Adult Restorative Dentistry, 442177 Oman Dental College , Muscat, Oman.
Restorative Dentistry, Dundee Dental Hospital and School, University of Dundee, Dundee, UK.
Diagnosis (Berl). 2024 May 3;11(3):259-265. doi: 10.1515/dx-2024-0034. eCollection 2024 Aug 1.
This study evaluates the comparative diagnostic accuracy of dental students and artificial intelligence (AI), specifically a modified ChatGPT 4, in endodontic assessments related to pulpal and apical conditions. The findings are intended to offer insights into the potential role of AI in augmenting dental education.

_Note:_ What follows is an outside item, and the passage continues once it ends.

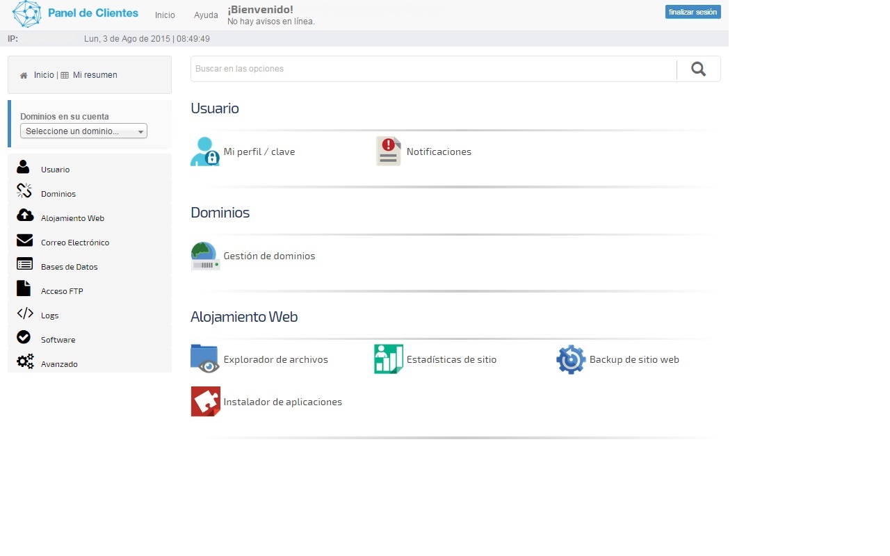 SN Panel es una aplicación online diseñada y desarrollada por trabajadores de nuestra empresa, con la que cualquier cliente de hosting puede realizar las tareas necesarias para gestionar su alojamiento.

Involving 109 dental students divided into junior (54) and senior (55) groups, the study compared their diagnostic accuracy against ChatGPT's across seven clinical scenarios. Juniors had the American Association of Endodontists (AEE) terminology assistance, while seniors relied on prior knowledge. Accuracy was measured against a gold standard by experienced endodontists, using statistical analysis including Kruskal-Wallis and Dwass-Steel-Critchlow-Fligner tests.
ChatGPT achieved significantly higher accuracy (99.0 %) compared to seniors (79.7 %) and juniors (77.0 %). Median accuracy was 100.0 % for ChatGPT, 85.7 % for seniors, and 82.1 % for juniors. Statistical tests indicated significant differences between ChatGPT and both student groups (p<0.001), with no notable difference between the student cohorts.
The study reveals AI's capability to outperform dental students in diagnostic accuracy regarding endodontic assessments. This underscores AIs potential as a reference tool that students could utilize to enhance their understanding and diagnostic skills. Nevertheless, the potential for overreliance on AI, which may affect the development of critical analytical and decision-making abilities, necessitates a balanced integration of AI with human expertise and clinical judgement in dental education. Future research is essential to navigate the ethical and legal frameworks for incorporating AI tools such as ChatGPT into dental education and clinical practices effectively.
本研究评估了牙科学生和人工智能(AI),特别是经过修改的 ChatGPT 4,在牙髓和根尖状况相关的牙髓评估方面的比较诊断准确性。这些发现旨在为 AI 在增强牙科教育中的潜在作用提供见解。
该研究涉及 109 名牙科学生,分为初级组(54 名)和高级组(55 名),比较了他们在七个临床场景中的诊断准确性与 ChatGPT 的准确性。初级组使用美国牙髓病学会(AEE)术语辅助,而高级组则依赖于先前的知识。通过经验丰富的牙髓病专家使用统计分析(包括 Kruskal-Wallis 和 Dwass-Steel-Critchlow-Fligner 检验)对准确性进行了测量,以金标准为基准。
ChatGPT 的准确性明显高于高级组(79.7%)和初级组(77.0%),达到 99.0%。ChatGPT 的中位数准确性为 100.0%,高级组为 85.7%,初级组为 82.1%。统计检验表明 ChatGPT 与两个学生组之间存在显著差异(p<0.001),但学生组之间没有显著差异。
该研究表明,AI 在牙髓评估的诊断准确性方面能够超越牙科学生。这突显了 AI 作为学生可以用来增强他们的理解和诊断技能的参考工具的潜力。然而,过度依赖 AI 的潜力可能会影响批判性分析和决策能力的发展,因此需要在牙科教育中平衡地整合 AI 与人类专业知识和临床判断。未来的研究对于有效将像 ChatGPT 这样的 AI 工具纳入牙科教育和临床实践的伦理和法律框架至关重要。